In the records that follow, the lines from the one containing "Ambix Safe-Can® 90 Grad gebogen" to the one containing "S-T, 2024, Mixta-Tela, 46 x 36 cm", inclusive, are to be given again exactly.

─── SUPPLIED MATERIAL

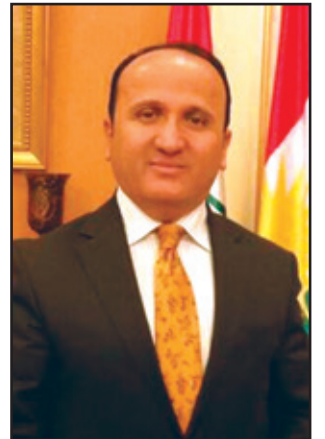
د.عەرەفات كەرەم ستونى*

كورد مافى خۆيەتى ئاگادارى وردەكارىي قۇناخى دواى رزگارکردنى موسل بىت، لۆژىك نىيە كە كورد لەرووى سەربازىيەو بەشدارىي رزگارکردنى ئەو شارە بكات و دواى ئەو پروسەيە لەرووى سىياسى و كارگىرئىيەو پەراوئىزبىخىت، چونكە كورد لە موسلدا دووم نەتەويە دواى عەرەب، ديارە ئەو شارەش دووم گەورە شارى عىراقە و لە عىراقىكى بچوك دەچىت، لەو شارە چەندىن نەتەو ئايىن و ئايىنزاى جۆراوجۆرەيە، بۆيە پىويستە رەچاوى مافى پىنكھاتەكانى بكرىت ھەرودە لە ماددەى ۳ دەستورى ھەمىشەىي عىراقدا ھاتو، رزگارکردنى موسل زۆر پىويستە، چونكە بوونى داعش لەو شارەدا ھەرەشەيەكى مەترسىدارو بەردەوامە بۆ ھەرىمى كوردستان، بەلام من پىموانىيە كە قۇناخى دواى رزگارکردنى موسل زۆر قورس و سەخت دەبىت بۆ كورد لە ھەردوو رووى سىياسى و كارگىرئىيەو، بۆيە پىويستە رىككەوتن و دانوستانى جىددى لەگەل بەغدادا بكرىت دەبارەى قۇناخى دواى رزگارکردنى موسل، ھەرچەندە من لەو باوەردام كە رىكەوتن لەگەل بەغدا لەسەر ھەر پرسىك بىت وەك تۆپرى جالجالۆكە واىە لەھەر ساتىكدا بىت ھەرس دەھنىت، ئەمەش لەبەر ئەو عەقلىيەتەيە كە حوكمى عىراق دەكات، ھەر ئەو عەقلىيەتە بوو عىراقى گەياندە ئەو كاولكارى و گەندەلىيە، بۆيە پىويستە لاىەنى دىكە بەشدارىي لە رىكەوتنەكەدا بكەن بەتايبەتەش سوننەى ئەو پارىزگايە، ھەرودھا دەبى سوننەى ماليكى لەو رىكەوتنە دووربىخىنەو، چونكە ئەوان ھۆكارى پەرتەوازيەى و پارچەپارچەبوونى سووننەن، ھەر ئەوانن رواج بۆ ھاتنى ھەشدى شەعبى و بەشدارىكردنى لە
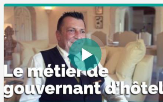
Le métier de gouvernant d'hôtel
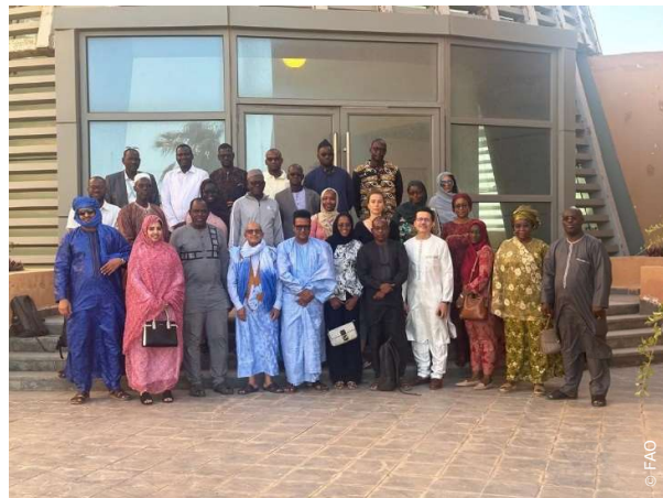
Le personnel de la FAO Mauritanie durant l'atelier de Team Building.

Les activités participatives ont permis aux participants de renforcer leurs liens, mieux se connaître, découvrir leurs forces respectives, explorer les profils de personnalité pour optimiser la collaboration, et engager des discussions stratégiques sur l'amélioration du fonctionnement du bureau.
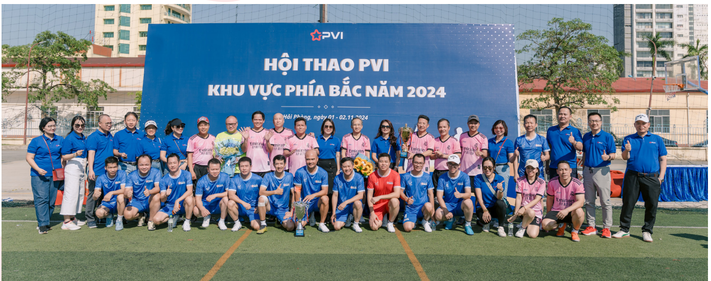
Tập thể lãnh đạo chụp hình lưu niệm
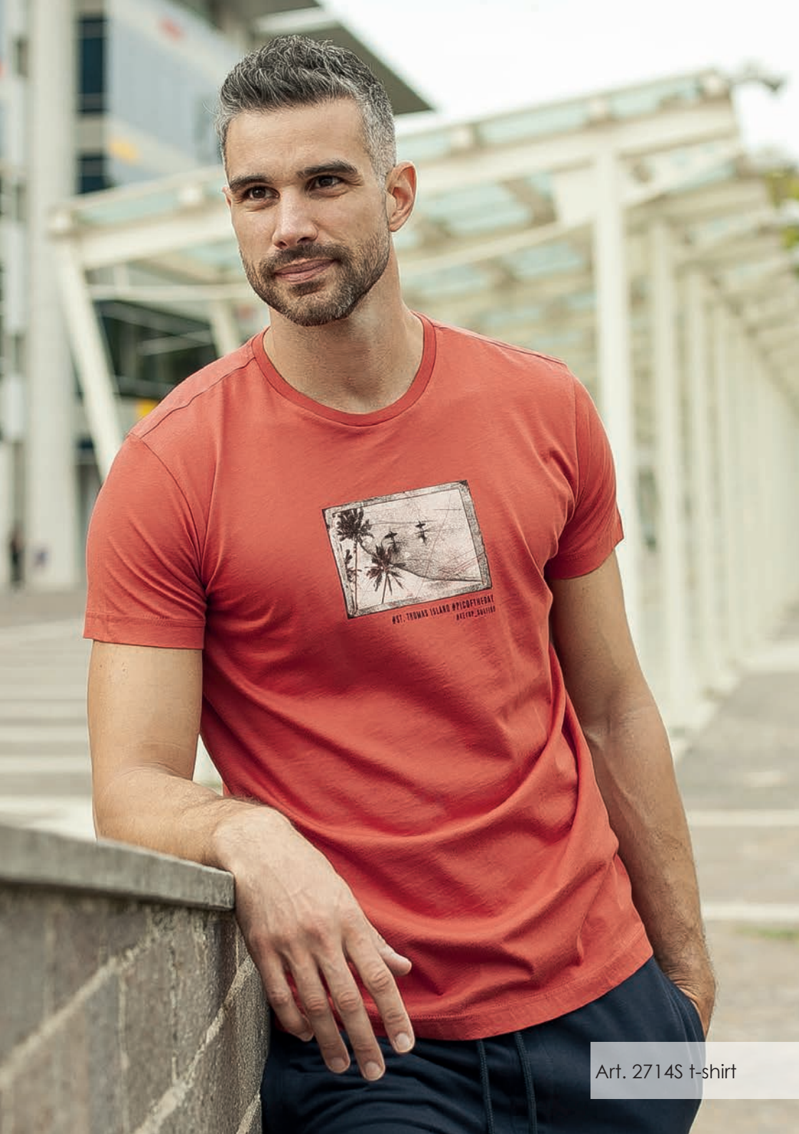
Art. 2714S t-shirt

──────
─── SUPPLIED MATERIAL

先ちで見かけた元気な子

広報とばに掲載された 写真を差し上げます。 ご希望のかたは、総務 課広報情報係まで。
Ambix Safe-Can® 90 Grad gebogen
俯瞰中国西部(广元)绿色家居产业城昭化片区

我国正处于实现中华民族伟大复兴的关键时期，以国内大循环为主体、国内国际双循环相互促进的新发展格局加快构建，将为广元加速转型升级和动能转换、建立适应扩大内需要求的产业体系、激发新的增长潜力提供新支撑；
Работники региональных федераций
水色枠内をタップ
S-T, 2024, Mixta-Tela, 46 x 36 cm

──────
─── SUPPLIED MATERIAL

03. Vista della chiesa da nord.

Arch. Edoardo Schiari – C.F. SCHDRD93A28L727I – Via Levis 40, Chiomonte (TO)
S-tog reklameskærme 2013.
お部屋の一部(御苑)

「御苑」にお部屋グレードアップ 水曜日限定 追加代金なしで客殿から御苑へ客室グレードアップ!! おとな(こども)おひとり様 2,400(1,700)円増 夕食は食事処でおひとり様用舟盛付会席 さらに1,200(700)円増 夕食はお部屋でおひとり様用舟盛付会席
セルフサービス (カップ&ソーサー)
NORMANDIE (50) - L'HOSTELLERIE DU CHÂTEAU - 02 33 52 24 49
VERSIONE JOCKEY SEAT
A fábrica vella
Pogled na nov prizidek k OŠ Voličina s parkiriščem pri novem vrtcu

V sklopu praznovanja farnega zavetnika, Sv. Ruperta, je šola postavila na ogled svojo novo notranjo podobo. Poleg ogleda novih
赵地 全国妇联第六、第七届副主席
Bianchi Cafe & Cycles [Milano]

──────

_EXERCISE OUTPUT_
Ambix Safe-Can® 90 Grad gebogen
俯瞰中国西部(广元)绿色家居产业城昭化片区

我国正处于实现中华民族伟大复兴的关键时期，以国内大循环为主体、国内国际双循环相互促进的新发展格局加快构建，将为广元加速转型升级和动能转换、建立适应扩大内需要求的产业体系、激发新的增长潜力提供新支撑；
Работники региональных федераций
水色枠内をタップ
S-T, 2024, Mixta-Tela, 46 x 36 cm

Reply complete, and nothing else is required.